Each record should reappear exactly in your answer, minus any picture.

>>>

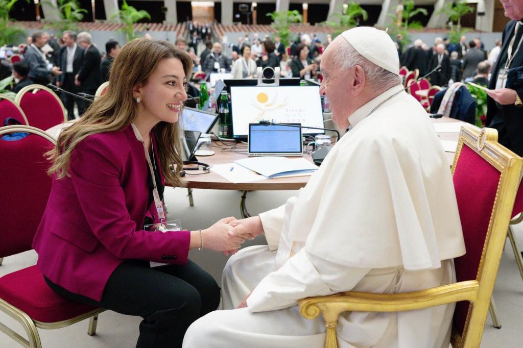 وتتحدثُ عن أجواءِ الإصغاءِ الحقيقيِّ التي لمستْها، وعن اهتمامِ الكرادلةِ والمطارنةِ بسماعِ صوتِ العلمانيينَ، ولا سيما الشبابِ والنساءِ، لما يحملونَهُ من رؤيةٍ قريبةٍ من الواقعِ. كما تؤكدُ أنَّ صوتَ الشرقِ الأوسطِ، في ظلِّ الحربِ والمعاناةِ، كان حاضرًا بقوةٍ، وأنَّ المشاركةَ لم تكنْ رمزيةً، بل فاعلةً ومؤثرةً.
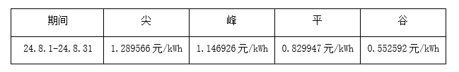 根据望京SOHO大厦实际用电情况,现将2024年8月1日-2024年8月31日电费单价按照尖、峰、平、谷进行公示,具体如下表所示:
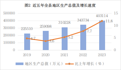初步核算,全年全縣地區(qū)生產總值403114萬元,同比增長11.8%。其中,第一產業(yè)增加值135882萬元,同比增長7.1%;第二產業(yè)增加值163628萬元,同比增長21.6%;第三產業(yè)增加值103604萬元,同比增長8.5%。三次產業(yè)結構為33.7:40.6:25.7。
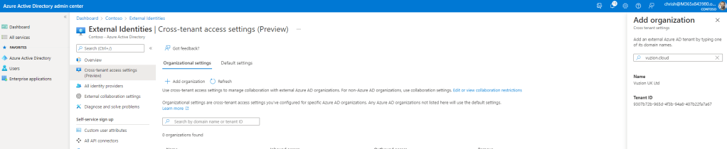 3.) Search for and add the Organisations Domain. Azure AD will identify the other organisations tenant – then select Add
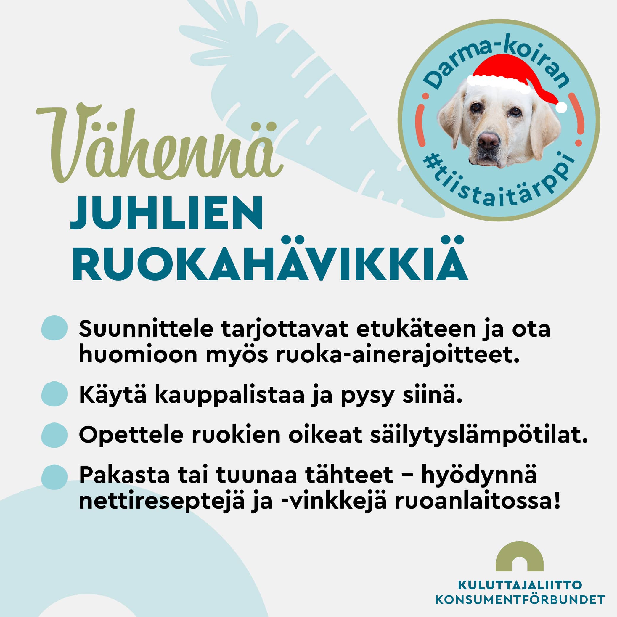 Meneekö teillä pikkujouluissa ja joulun aikaan paljon ruokaa roskiin? Ruokahävikillä tarkoitetaan ruokaa, joka on alun perin ollut syömäkelpoista, mutta joka syystä tai toisesta päätyy roskiin tai biojätteeksi. Vaikka Darma syökin hyvin mieluusti kaikki tähteet, hän suosittelee silti ruokahävikin hillitsemistä mm. suunnittelemalla tarjottavat ruoat ja ostokset etukäteen.

<<<

• The answer:
 وتتحدثُ عن أجواءِ الإصغاءِ الحقيقيِّ التي لمستْها، وعن اهتمامِ الكرادلةِ والمطارنةِ بسماعِ صوتِ العلمانيينَ، ولا سيما الشبابِ والنساءِ، لما يحملونَهُ من رؤيةٍ قريبةٍ من الواقعِ. كما تؤكدُ أنَّ صوتَ الشرقِ الأوسطِ، في ظلِّ الحربِ والمعاناةِ، كان حاضرًا بقوةٍ، وأنَّ المشاركةَ لم تكنْ رمزيةً، بل فاعلةً ومؤثرةً.
 根据望京SOHO大厦实际用电情况,现将2024年8月1日-2024年8月31日电费单价按照尖、峰、平、谷进行公示,具体如下表所示:
初步核算,全年全縣地區(qū)生產總值403114萬元,同比增長11.8%。其中,第一產業(yè)增加值135882萬元,同比增長7.1%;第二產業(yè)增加值163628萬元,同比增長21.6%;第三產業(yè)增加值103604萬元,同比增長8.5%。三次產業(yè)結構為33.7:40.6:25.7。
 3.) Search for and add the Organisations Domain. Azure AD will identify the other organisations tenant – then select Add
 Meneekö teillä pikkujouluissa ja joulun aikaan paljon ruokaa roskiin? Ruokahävikillä tarkoitetaan ruokaa, joka on alun perin ollut syömäkelpoista, mutta joka syystä tai toisesta päätyy roskiin tai biojätteeksi. Vaikka Darma syökin hyvin mieluusti kaikki tähteet, hän suosittelee silti ruokahävikin hillitsemistä mm. suunnittelemalla tarjottavat ruoat ja ostokset etukäteen.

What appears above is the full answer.